The UK's National Crime Agency (NCA) donated HIBP as a general procedure for detecting and growing HIBP's storage of hacked passwords. It raised more than a third compering to the previous state of HIBP's password bank.


We can type in passwords, email, phone numbers in the HIBP's search bar to determine how many times those data appeared in breaches. There were significant leaks such as the 2012 LinkedIn breach, 2019 for Canva, and similar occurrences, which can be found in HIBP's database.


Hunt announced the FBI collaboration of feeding the compromised password stream of HIBP for the growing collection. Users of the platform find the use case very easy and give them a breath of confidence in their data. Appearing on the HIBP database is not the end of the world.


The recommendation for password breaches is to change them to something lengthy without putting in something guessable. Include numbers into the mix, some symbols, a combination of upper case and lower-case letters. Using a password manager to generate a strong password randomly is a great idea. Putting a solid password in a lengthy process can hugely benefit password managers.


On the release note, Hunt said, "Today's release is about turning on the firehose of new passwords and making them immediately available to every for free."

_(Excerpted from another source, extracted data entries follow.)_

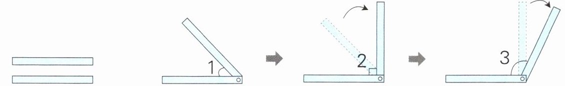 1. 聪聪把两张硬纸条钉在一起,做成了一个活动角,旋转其中一条边,变化角的大小。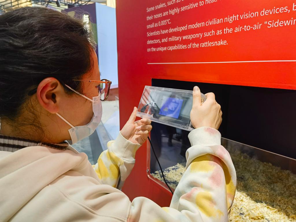 游客在上海自然博物館里通過(guò)紅外互動(dòng)裝置了解蛇如何“鎖定”獵物。新華社記者 陳愛(ài)平 攝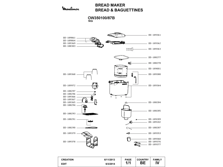Запчасти для хлебопечки Moulinex OW350131/87B (OW350100-87B-1)

HIBP reports that in April 2021, over 500 million Facebook users' data was made freely available for download; that's approximately 20 per cent of uses. In October, 50,000 unique email addresses were exposed, including name, physical address, passport numbers, passwords, phone numbers, MD5 hashes and other sensitive data.


The support of the FBI and NCA is enormously pleasing, according to Hunt, as it made the process of making data accessible to general people easy. HIBPs growing bank of information allows customers and businesses to be aware of breaches easily.


Though the pipeline remains open and will continue to do so, it is still questionable whether government agencies will do a similar trait in the coming days. According to Hunt, hundreds of millions of passwords were shared through "613 million of the live Pwned Password service."


Of course, there were duplicates, as the number of this scale can get a bit dingily, but NCA provided 225,665,435 new passwords. They were promptly added to HSBP's password bank. Companies such as password managers browser makers use the HIBP API to find if credentials are exposed or not. At the moment, if you go to your saved passwords tab in the browser, chances are if any of them are told, there will be a sign for you to change them immediately.


Lasted addition of password grew HIBPs password bank to 38 per cent, totalling 847,223,402 compromised passwords.